News Weekly, March 26, 2016

When the Kaohsiung Incident occurred in 1979, Taiwan had been on edge since the People’s Republic of China (PRC) was awarded the China seat in the United Nations in 1971.

Chen Shui-bian was

Taiwan’s first non-Kuomintang

president in 70 years.


Despite the best efforts of Ambassador James Shen, a talented and capable diplomat with a first-rate command of English, the Republic of China (ROC) forfeited the UN seat. In a fit of pique from which it has yet to recover, the ROC refused to have anything to do with the UN unless it was recognised as the sole legitimate representative of China.

To this day, Taiwan has no meaningful participation in the United Nations. The steady trickle of emigrants from Taiwan to the world’s safest refuge, the United States, has grown in volume. Getting a green card, which grants residence in the United States, was a nigh-on universal ambition in Taiwan. Meanwhile, the PRC had not renounced its determination to recover Taiwan, by force if necessary.

Taiwan was in effect a one-party state, ruled by the Chiang family. The opposition, known as the Dangwei, or “outside party movement”, was repressed. The Kuomintang (KMT) monopolised power. The “White Terror” was in full flower, with “disappearances” and extra-judicial killings reported by reliable sources. Signs were there, however, that the Dangwei were making progress. They expected to win seats in the 1978 elections.

The Kaohsiung Incident

The Kaohsiung Incident, also known as the Formosa Magazine Incident, is at first inspection an unlikely beginning to Taiwan’s democratisation process.

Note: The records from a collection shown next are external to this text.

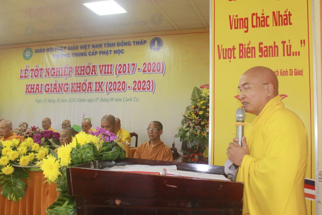 Mục đích giáo của Trường Trung cấp Phật học tỉnh Đồng Tháp là “Giáo dục đào tạo đội ngũ Tăng Ni trẻ có đạo hạnh, thâm hiểu Giáo pháp, có kiến thức sâu và chuyên môn cao đáp ứng sự phát triển của Giáo hội trong thời đại mới”.  Thượng tọa nhấn mạnh
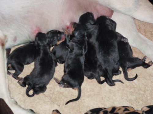 alle Welpen sind Gesund und Munter angekommen, ausser eines das ist leider tot zur Welt gekommen, da die Fruchblase mit dem kleinen verwachsen war, aber dem rest geht es super. Insgesamt sind es jetzt 11 bzw. 10 Stück geworden Hier schon mal die ersten Bilder, weitere folgen wenn sie alle richtig trocken sind. Viele Grüße
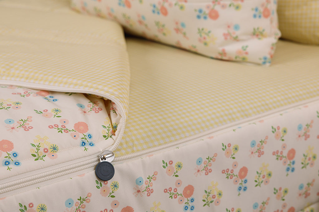 Say hello to the perfect dainty floral for your little one’s best night’s sleep! This zipper bedding set features a ditsy floral exterior and buttery yellow gingham interior, providing the most adorable combo of cozy and effortlessly cute.
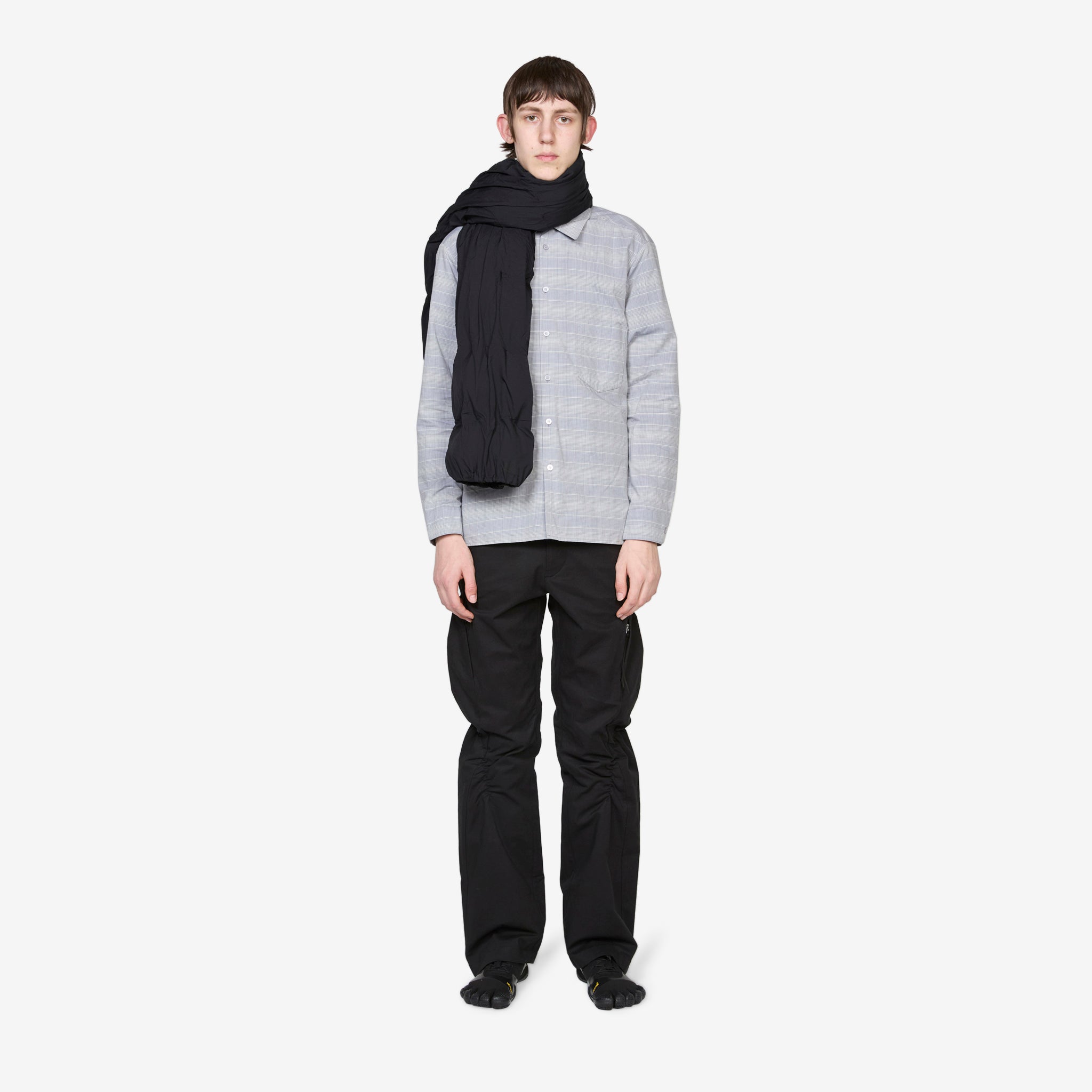 Archive Cocoon Scarf in Black from Post Archive Faction (PAF). Padded wrap-around scarf with cuffed, open-ended hems for hand warmth. Crafted from a nylon shell with warm goose down fill and utilitarian down distribution around the neck. Finished with a woven brand label at the hem.
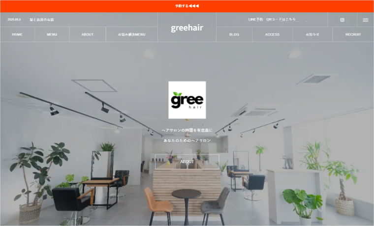 飲食店のウェブサイトで利用されることが多いTreeですが、今回の「greehair」様の事例は、異業種での活用事例として参考になるかと思います。サロンの雰囲気をオンライン上で表現し、差別化を図るための実例と言えます。ぜひご覧ください。
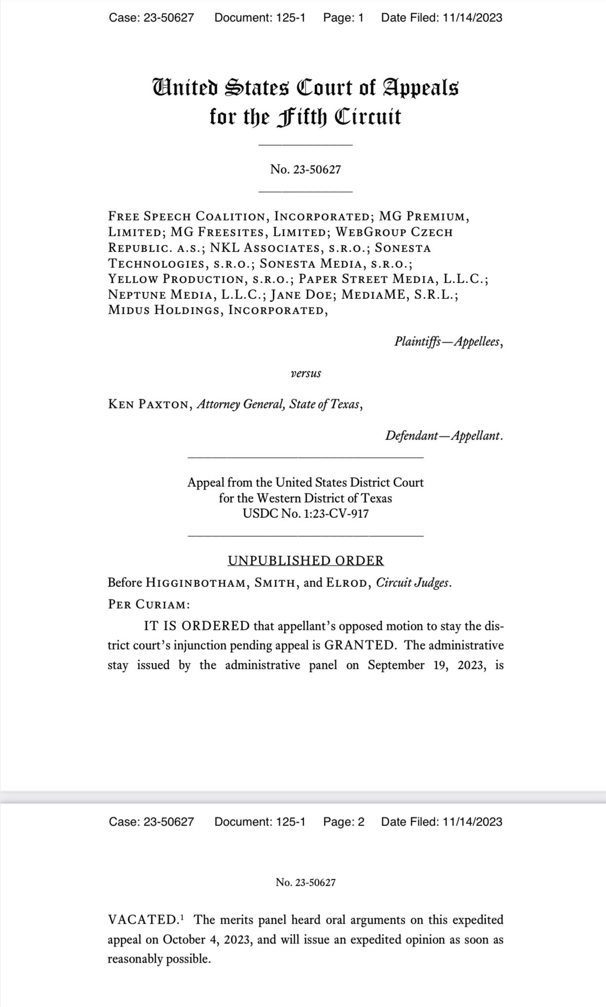 Texas Attorney General Ken Paxton secured a significant win in the U.S. 5th Circuit Court of Appeals against pornography distributors suing to stop Texas from implementing a new law requiring pornography sites to verify whether a user is 18 years or older. The ruling stayed a district court’s injunction against the law, allowing the Office of the Attorney General (“OAG”) to enforce it and protect Texas children.

U.S. president Jimmy Carter announced in December 1978 that the United States would break relations with Taipei and recognise Beijing as the sole government of all China. Carter had left negotiations in the hands of Leonard Woodcock, a former president of the United Auto Workers Union. The decision to break relations with Taipei came as an enormous shock to the ROC’s leadership. Chiang Ching-kuo cancelled the elections and a new round of repression began. The Dangwei decided to hold a demonstration on Human Rights Day, December 10, 1979, in Kaohsiung.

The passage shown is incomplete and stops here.